L’État a un an pour agir
Dans la lignée de l’Affaire du siècle, qui avait réussi à faire condamner l’État pour son inaction climatique, ces cinq ONG avaient déposé un recours devant le tribunal administratif de Paris en janvier 2022 afin de faire reconnaître la faute de l’État dans la sixième extinction de masse. Elles espéraient lui imposer de réparer le préjudice écologique causé et de réviser le processus de mise sur le marché des pesticides, dont l’usage intensif est l’une des causes du déclin de la biodiversité.
D’abord, le tribunal reconnaît bien l’existence d’un préjudice écologique « résultant de la contamination généralisée, diffuse, chronique et durable des eaux et des sols par les substances actives de produits phytopharmaceutiques, du déclin de la biodiversité et de la biomasse et de l’atteinte aux bénéfices tirés par l’homme de l’environnement ».
Il retient deux fautes commises par l’État : la méconnaissance d’une part des objectifs qu’il s’était fixés en matière de réduction de l’usage de produits phytopharmaceutiques et d’autre part de l’obligation de protection des eaux souterraines. Il juge « que le préjudice écologique présente un lien direct et certain avec ces fautes ». Dès lors, il ordonne au gouvernement de prendre toutes les mesures utiles de nature à réparer le préjudice écologique et prévenir l’aggravation des dommages au plus tard d’ici le 30 juin 2024.
La France, championne des pesticides
En revanche, le tribunal n’a pas suivi la demande des ONG et les recommandations de la rapporteure publique sur le réexamen des procédures d’évaluation et d’autorisation de mise sur le marché des produits phytopharmaceutiques. « Le résultat des études supplémentaires que pourrait exiger l’Anses (l’Agence nationale de sécurité sanitaire, ndr) n’est pas connu à la date du présent jugement et il ne peut donc en être inféré avec certitude que cela aurait pour effet de modifier significativement la nature ou le nombre des produits phytopharmaceutiques mis sur le marché », pointe le jugement.
Sur ce point, les associations feront appel devant la Cour administrative d’appel de Paris, et introduiront, en parallèle, un nouveau recours devant le Conseil d’État pour obtenir la mise en œuvre de cette décision.
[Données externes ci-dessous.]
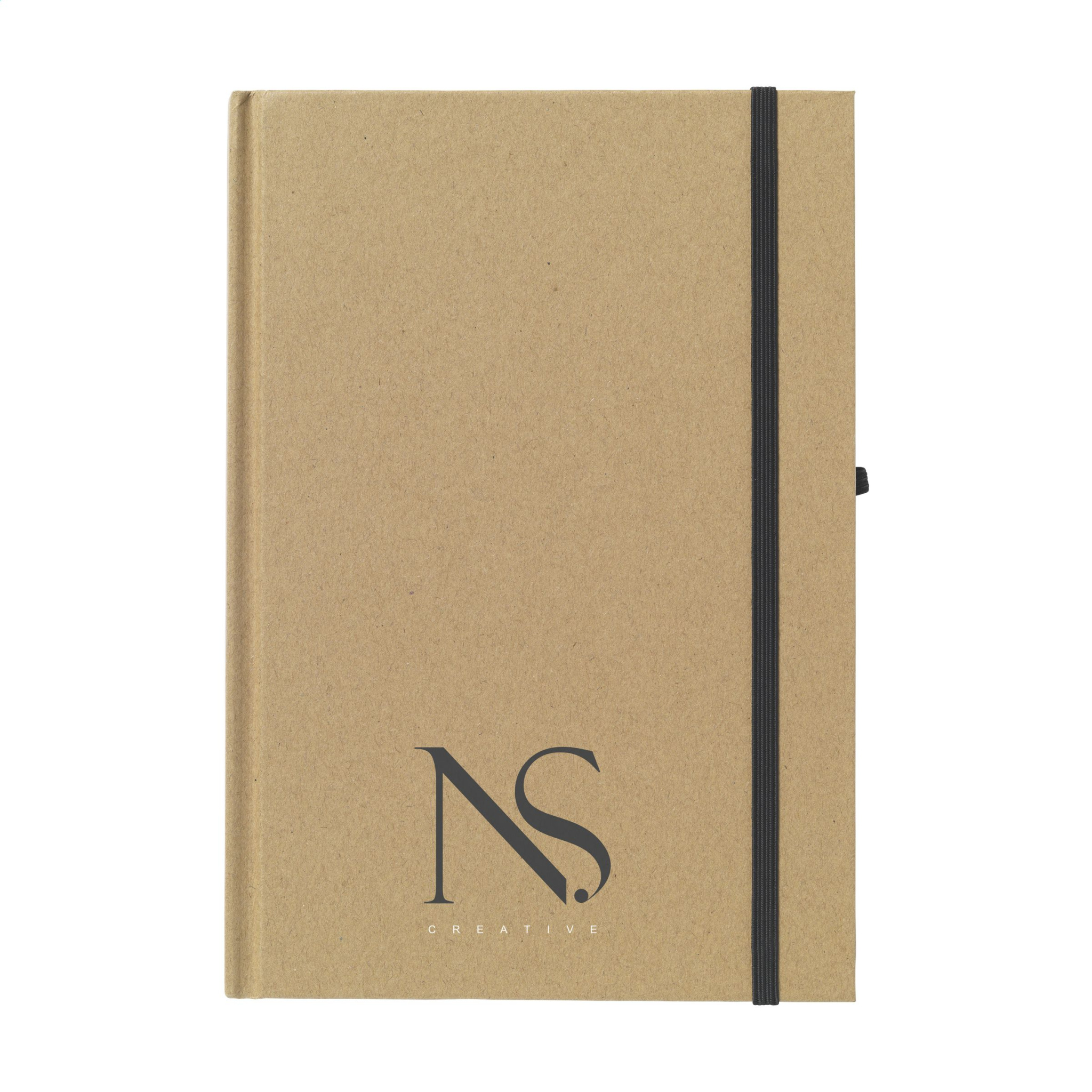 Kierrätysmateriaalista valmistettu A5-kokoinen muistikirja. Noin. 80 arkkia/160 sivua kermanväristä, vuorattua paperia (70 g/m²), kätevä kynälenkki ja joustava suljin.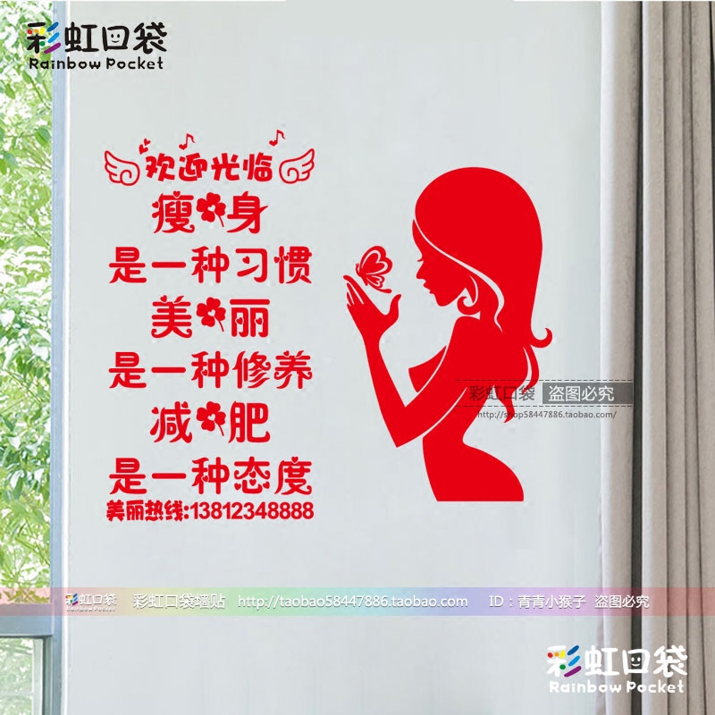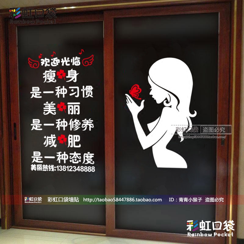 您的位置: 美容院创意装饰玻璃门贴纸瘦身美丽减肥健身中心励志文字装饰墙贴

Enfin, l’État devra verser un euro symbolique à chacune des associations requérantes au titre du préjudice moral subi.
La France reste championne des pesticides. Selon l’ONG Générations Futures, elle est dans le top 3 des pays européens qui autorisent le plus de pesticides. En termes de volume, la France est aussi le pays de l’UE qui vend le plus de pesticides, ce qui s’explique en partie par sa surface agricole. Après l’échec des deux premiers plans Écophyto, qui devaient diviser par deux l’usage des pesticides, une troisième version est attendue pour l’été. Elle sera particulièrement scrutée dans le cadre de cette affaire.